The empirical logit is the log of the observed odds:

\[ \text{logit}(\hat{p}) = \log\Big(\frac{\hat{p}}{1 - \hat{p}}\Big) = \log\Big(\frac{\# \text{Yes}}{\# \text{No}}\Big) \]

Calculating empirical logit (categorical predictor)

If the predictor is categorical, we can calculate the empirical logit for each level of the predictor.

heart_disease |>
  count(currentSmoker, high_risk) |>
  group_by(currentSmoker) |>
  mutate(prop = n/sum(n)) |>
  filter(high_risk == "1") |>
  mutate(emp_logit = log(prop/(1-prop)))
# A tibble: 2 × 5
# Groups:   currentSmoker [2]
  currentSmoker high_risk     n  prop emp_logit
  <fct>         <fct>     <int> <dbl>     <dbl>
1 0             1           301 0.145     -1.77
2 1             1           318 0.158     -1.67

Calculating empirical logit (quantitative predictor)
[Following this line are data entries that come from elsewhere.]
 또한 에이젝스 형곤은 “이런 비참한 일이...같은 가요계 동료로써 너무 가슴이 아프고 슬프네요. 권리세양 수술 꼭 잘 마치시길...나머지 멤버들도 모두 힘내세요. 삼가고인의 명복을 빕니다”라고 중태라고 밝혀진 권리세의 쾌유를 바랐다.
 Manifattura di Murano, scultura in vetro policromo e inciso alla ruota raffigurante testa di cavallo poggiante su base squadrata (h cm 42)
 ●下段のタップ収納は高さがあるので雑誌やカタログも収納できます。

  1. Divide the range of the predictor into intervals with approximately equal number of cases. (If you have enough observations, use 5 - 10 intervals.)

  2. Compute the empirical logit for each interval

You can then calculate the mean value of the predictor in each interval and create a plot of the empirical logit versus the mean value of the predictor in each interval.
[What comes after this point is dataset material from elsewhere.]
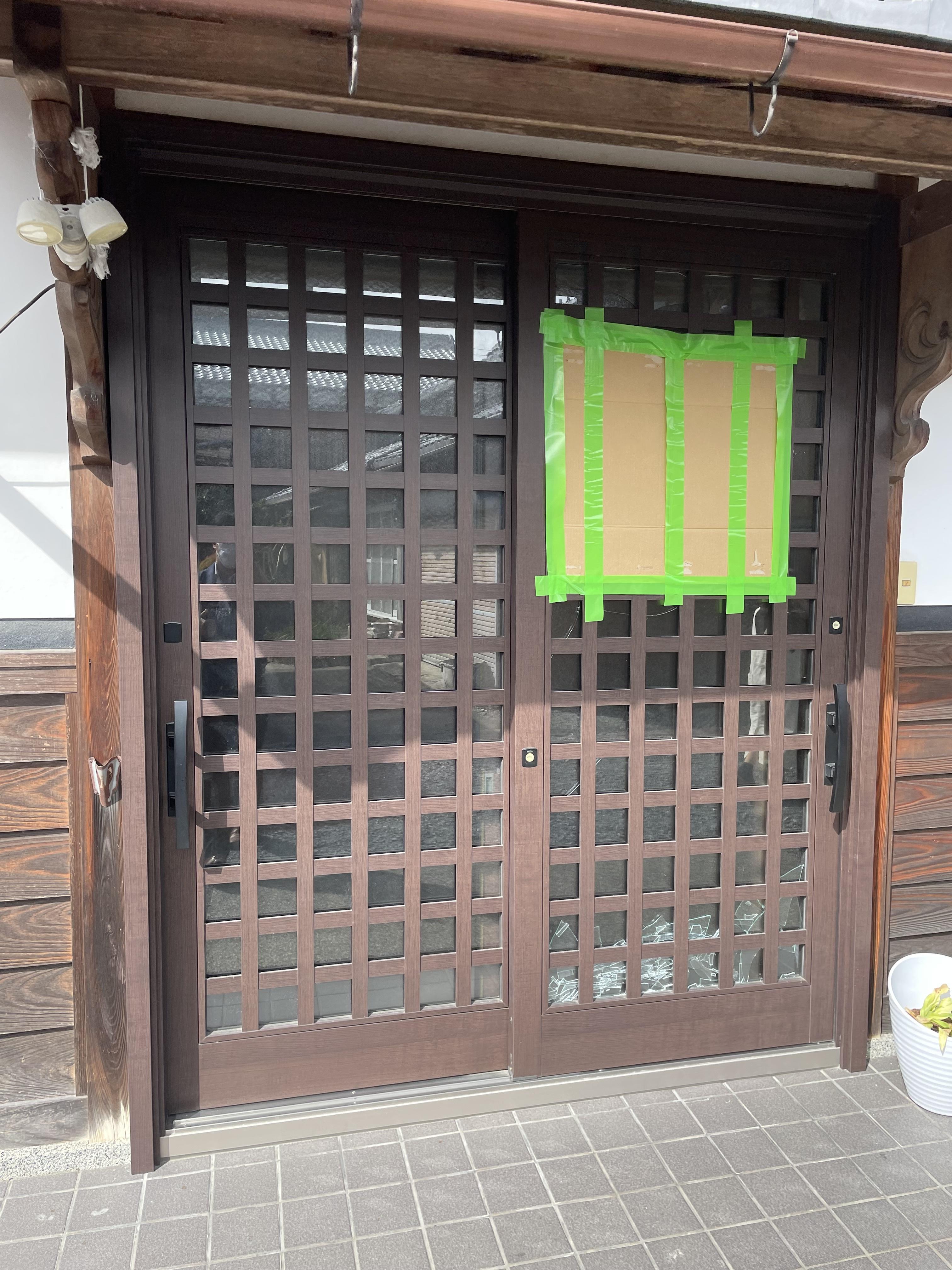 現調の際に実際に見させていただいたところ、中桟の修復が難しいということでガラスのみではなく、玄関扉まるごとのお取替えとなりました。
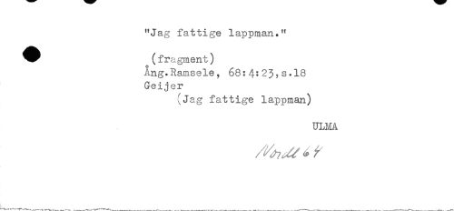 //// ^^ (fragment) //// Ang.Ramsele, 08:4:23? s.18 //// Geijer //// (Jag fattige lappman) //// ULMA ////

Empirical logit plot in R (quantitative predictor)

Created using dplyr and ggplot functions.

Empirical logit plot in R (quantitative predictor)

Created using dplyr and ggplot functions.

heart_disease |> 
  mutate(age_bin = cut_interval(age, n = 10)) |>
  group_by(age_bin) |>
  mutate(mean_age = mean(age)) |>
  count(mean_age, high_risk) |>
  mutate(prop = n/sum(n)) |>
  filter(high_risk == "1") |>
  mutate(emp_logit = log(prop/(1-prop))) |>
  ggplot(aes(x = mean_age, y = emp_logit)) + 
  geom_point() + 
  geom_smooth(method = "lm", se = FALSE) +
  labs(x = "Mean Age", 
       y = "Empirical logit")

Empirical logit plot in R (quantitative predictor)
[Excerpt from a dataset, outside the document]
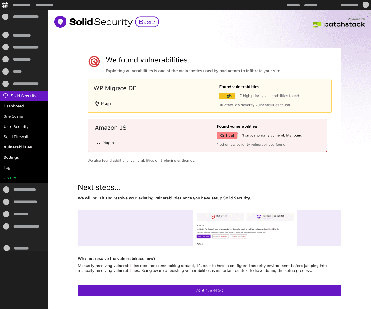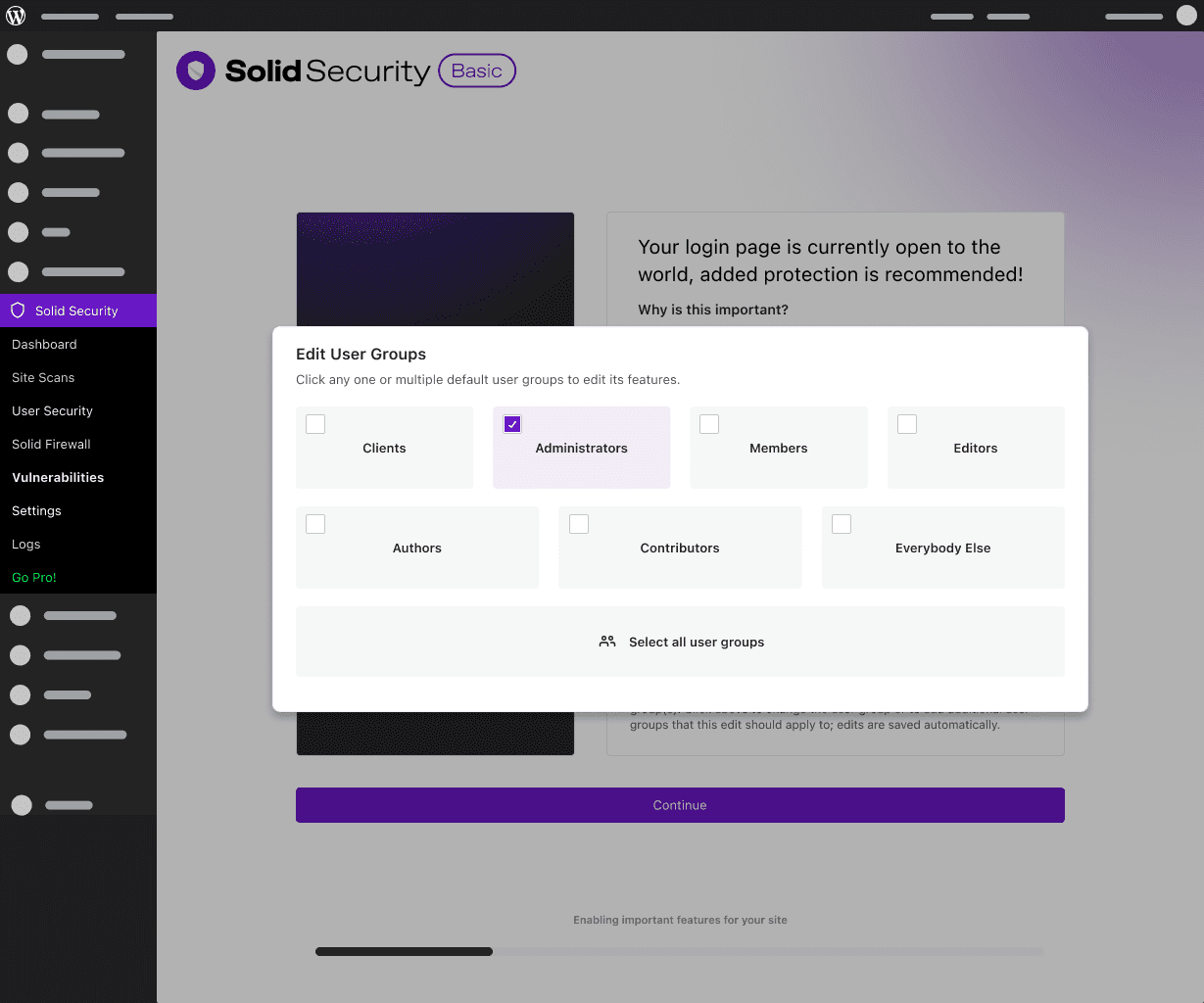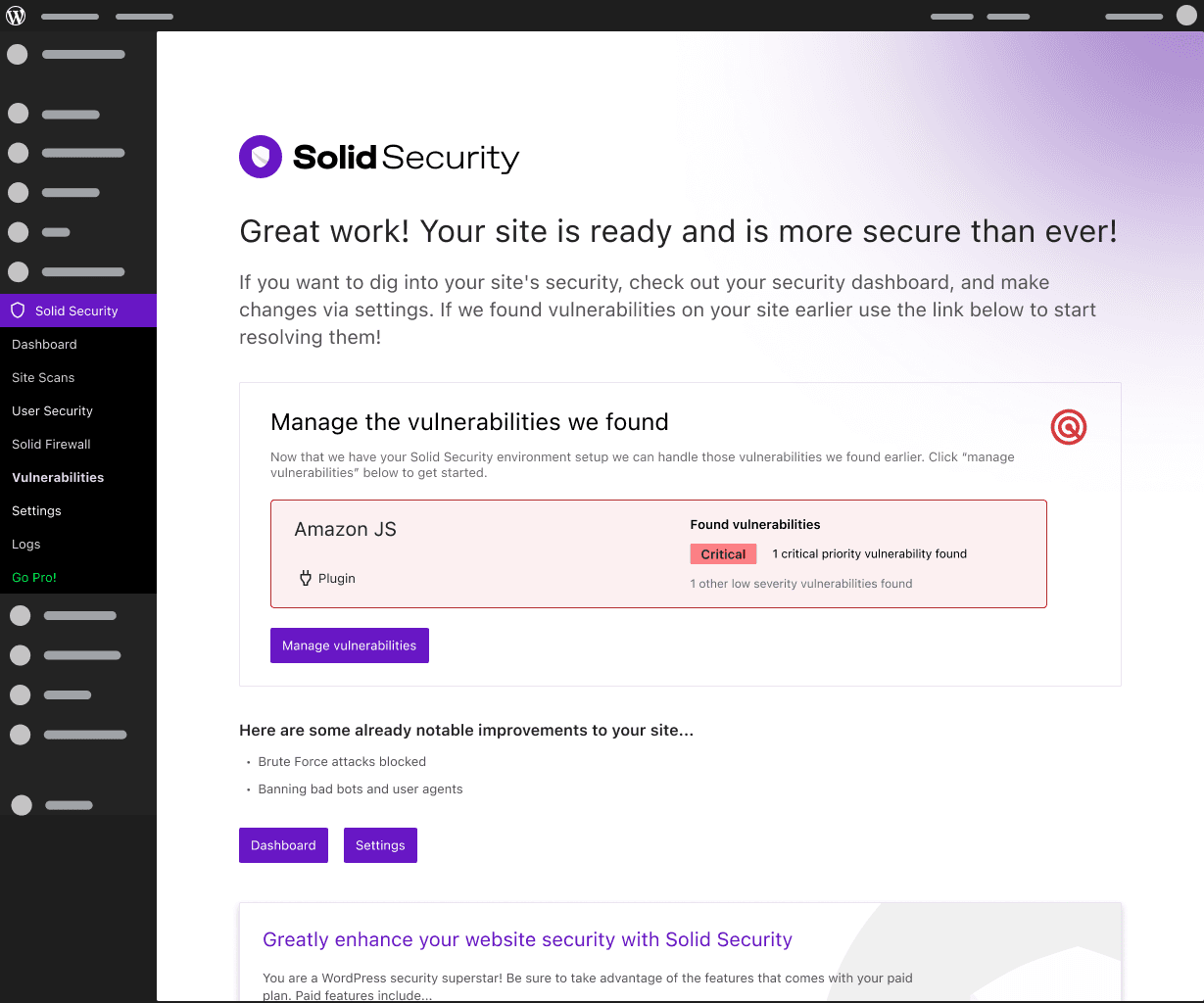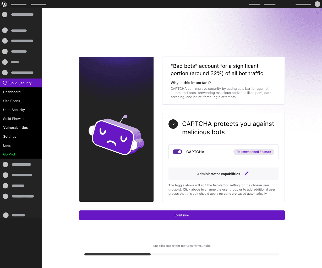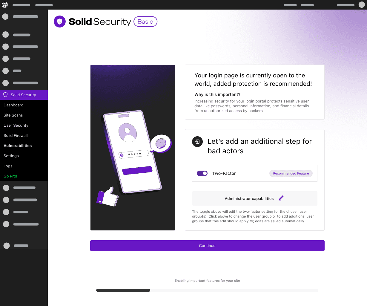 Security plugins are notoriously complex. Following the iThemes rebrand to Solid Security, research showed users felt overwhelmed by jargon and "setup fatigue." I was tasked with redesigning the onboarding to provide immediate value while simplifying high-stakes security concepts.

Using the emplogitplot1 function from the Stat2Data R package

emplogitplot1(high_risk ~ age, 
              data = heart_disease, 
              ngroups = 10)

Empirical logit plot in R (interactions)

Using the emplogitplot2 function from the Stat2Data R package

emplogitplot2(high_risk ~ age + currentSmoker, data = heart_disease, 
              ngroups = 10, 
              putlegend = "bottomright")

Checking linearity

emplogitplot1(high_risk ~ age, 
              data = heart_disease, 
              ngroups = 10)

emplogitplot1(high_risk ~ totChol, 
              data = heart_disease, 
              ngroups = 10)

✅ The linearity condition is satisfied. There is a linear relationship between the empirical logit and the predictor variables.

Checking randomness

We can check the randomness condition based on the context of the data and how the observations were collected.

  • Was the sample randomly selected?
  • If the sample was not randomly selected, ask whether there is reason to believe the observations in the sample differ systematically from the population of interest.

✅ The randomness condition is satisfied. We do not have reason to believe that the participants in this study differ systematically from adults in the U.S. in regards to health characteristics and risk of heart disease.

Checking independence

  • We can check the independence condition based on the context of the data and how the observations were collected.
  • Independence is most often violated if the data were collected over time or there is a strong spatial relationship between the observations.

✅ The independence condition is satisfied. It is reasonable to conclude that the participants’ health characteristics are independent of one another.